## Goal of the exercise
Although the data below contains pictures, please reproduce only its words, exactly.

════════════════════

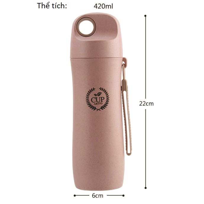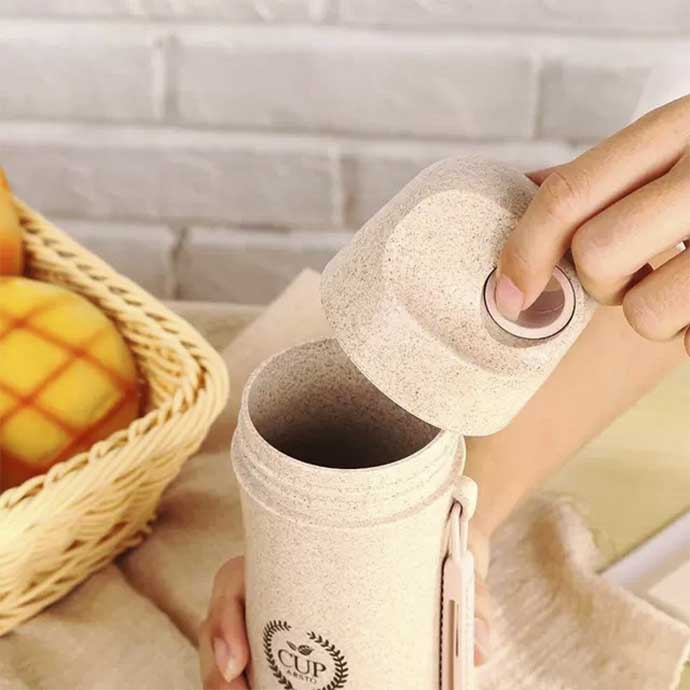 Bình được làm từ sợi lúa mạch kết hợp nhựa PP cao cấp, không chứa BPA, an toàn khi dùng cho nước nóng – lạnh.
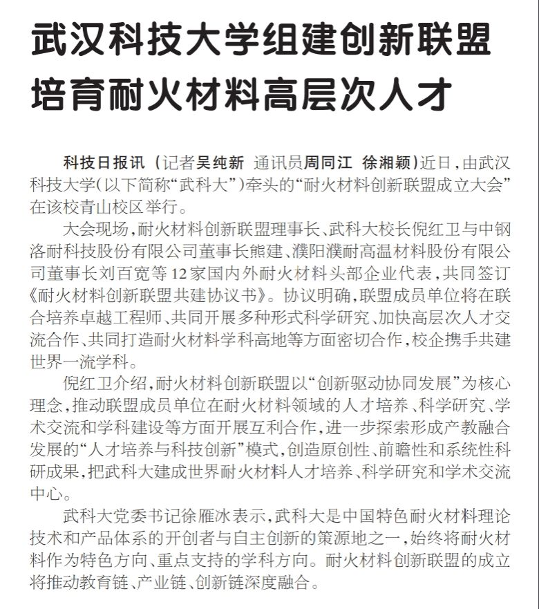 武科大党委书记徐雁冰表示,武科大是中国特色耐火材料理论技术和产品体系的开创者与自主创新的策源地之一,始终将耐火材料作为特色方向、重点支持的学科方向。耐火材料创新联盟的成立将推动教育链、产业链、创新链深度融合。
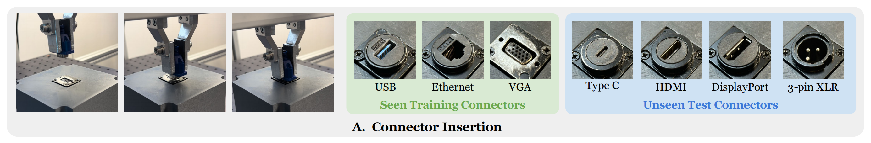 本任务要求将各种电子连接器插入其匹配的端口,这需要亚毫米级的精度和灵巧性,以应对对齐过程中复杂的接触动态
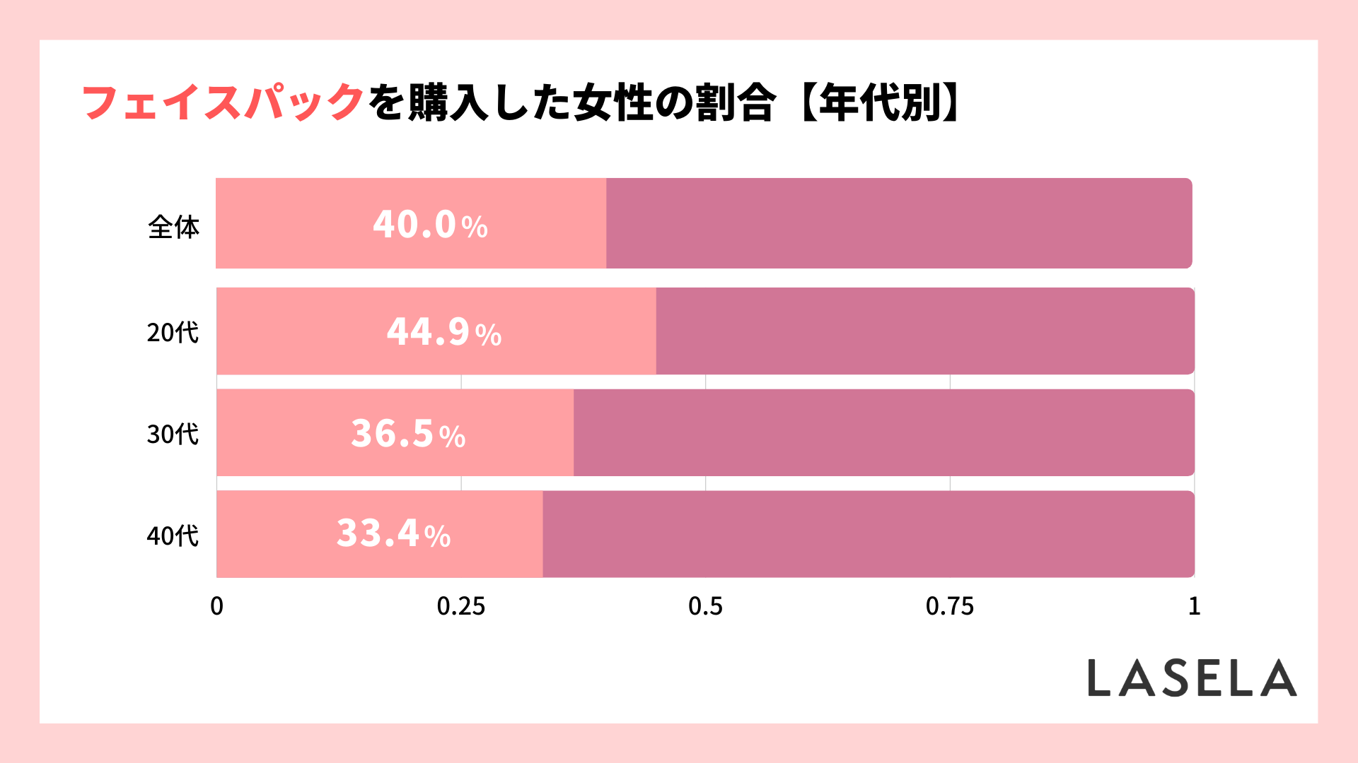 この結果を世代別で見てみると、フェイスパックを購入した割合が最も高かったのは20代で44.9%、およそ2人に1人が美容の悩みを解決するためにフェイスパックを購入しています。
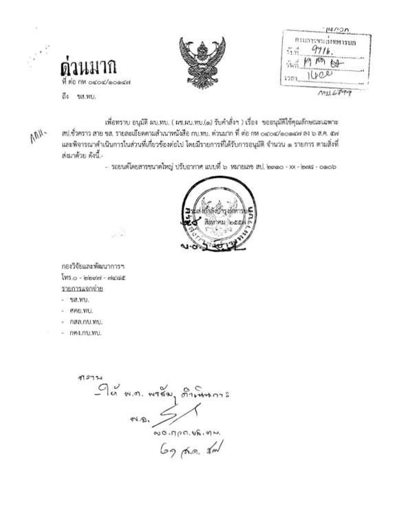 18 ส.ค.2557 กรมส่งกำลังบำรุงทหารบก ส่งหนังสือด่วนมากแจ้งทราบ ถึง ขส.ทบ. วันที่ 19 ส.ค.2557 และเวียนให้หน่วยงานของ ขส.ทบ. รับทราบวันที่ 21 ส.ค.2557 (ดูเอกสาร)
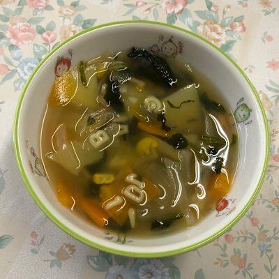 アルファベットの形のマカロニ入りスープ
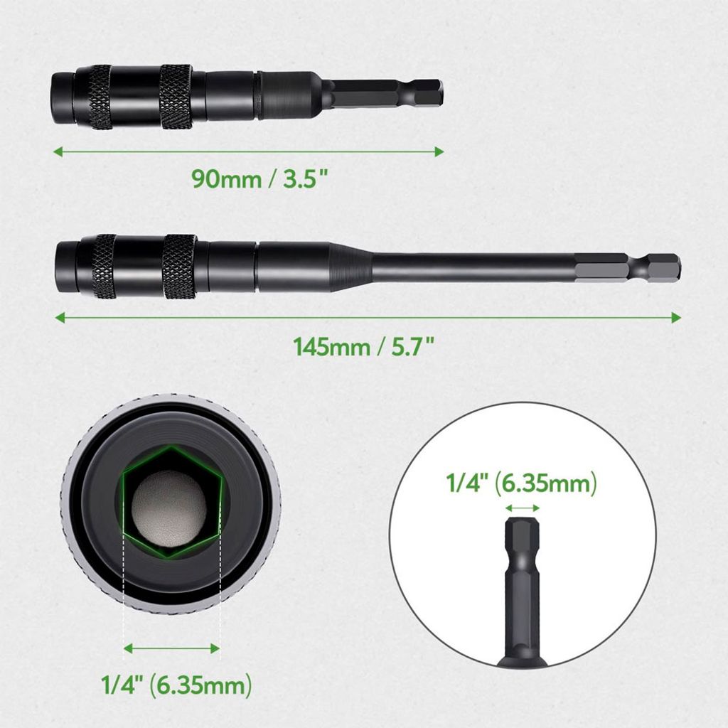 - Universell kompatibilitet: Passar alla 1/4" (6.35 mm) bits och skruvdragare.
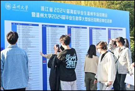 拿着简历的求职学子或是在展位前与用人单位的负责人交流,或是三三两两聚在一起讨论求职情况,也有低年级的学生在现场观摩、提前了解就业前景。机电学院河南籍的大四应届生周同学在接受采访时表示:“我很想留在浙江,这次招聘会有很多江浙沪的企业,很好地满足了我的就业城市意向,今天聊的几家企业双方感觉都不错,收获很大”。数理学院温籍学子陈同学在市人社局留温咨询展位前表示:“一直听说市里的人才政策力度很大,但是没有仔细核对过自己的条件。今天通过现场咨询,人社局的老师帮我估算了下留在温州工作可以申领的补贴额度。这个政策咨询点对于扩大留温影响力以及让毕业生及时了解福利好处太有用了,让我对于留温就业、置业更有信心。”
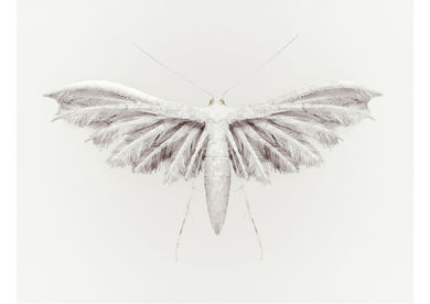 Through these photographs, viewers encounter an emerging collection of species. These include a diamond-studded peacock with a silver exoskeleton, a dragonfly with a glass abdomen and a luminescent air-quality sensor, and a beetle with a metallic antenna that integrates GPS technology.

════════════════════

## Result below
 Bình được làm từ sợi lúa mạch kết hợp nhựa PP cao cấp, không chứa BPA, an toàn khi dùng cho nước nóng – lạnh.
 武科大党委书记徐雁冰表示,武科大是中国特色耐火材料理论技术和产品体系的开创者与自主创新的策源地之一,始终将耐火材料作为特色方向、重点支持的学科方向。耐火材料创新联盟的成立将推动教育链、产业链、创新链深度融合。
 本任务要求将各种电子连接器插入其匹配的端口,这需要亚毫米级的精度和灵巧性,以应对对齐过程中复杂的接触动态
 この結果を世代別で見てみると、フェイスパックを購入した割合が最も高かったのは20代で44.9%、およそ2人に1人が美容の悩みを解決するためにフェイスパックを購入しています。
 18 ส.ค.2557 กรมส่งกำลังบำรุงทหารบก ส่งหนังสือด่วนมากแจ้งทราบ ถึง ขส.ทบ. วันที่ 19 ส.ค.2557 และเวียนให้หน่วยงานของ ขส.ทบ. รับทราบวันที่ 21 ส.ค.2557 (ดูเอกสาร)
 アルファベットの形のマカロニ入りスープ
 - Universell kompatibilitet: Passar alla 1/4" (6.35 mm) bits och skruvdragare.
 拿着简历的求职学子或是在展位前与用人单位的负责人交流,或是三三两两聚在一起讨论求职情况,也有低年级的学生在现场观摩、提前了解就业前景。机电学院河南籍的大四应届生周同学在接受采访时表示:“我很想留在浙江,这次招聘会有很多江浙沪的企业,很好地满足了我的就业城市意向,今天聊的几家企业双方感觉都不错,收获很大”。数理学院温籍学子陈同学在市人社局留温咨询展位前表示:“一直听说市里的人才政策力度很大,但是没有仔细核对过自己的条件。今天通过现场咨询,人社局的老师帮我估算了下留在温州工作可以申领的补贴额度。这个政策咨询点对于扩大留温影响力以及让毕业生及时了解福利好处太有用了,让我对于留温就业、置业更有信心。”
 Through these photographs, viewers encounter an emerging collection of species. These include a diamond-studded peacock with a silver exoskeleton, a dragonfly with a glass abdomen and a luminescent air-quality sensor, and a beetle with a metallic antenna that integrates GPS technology.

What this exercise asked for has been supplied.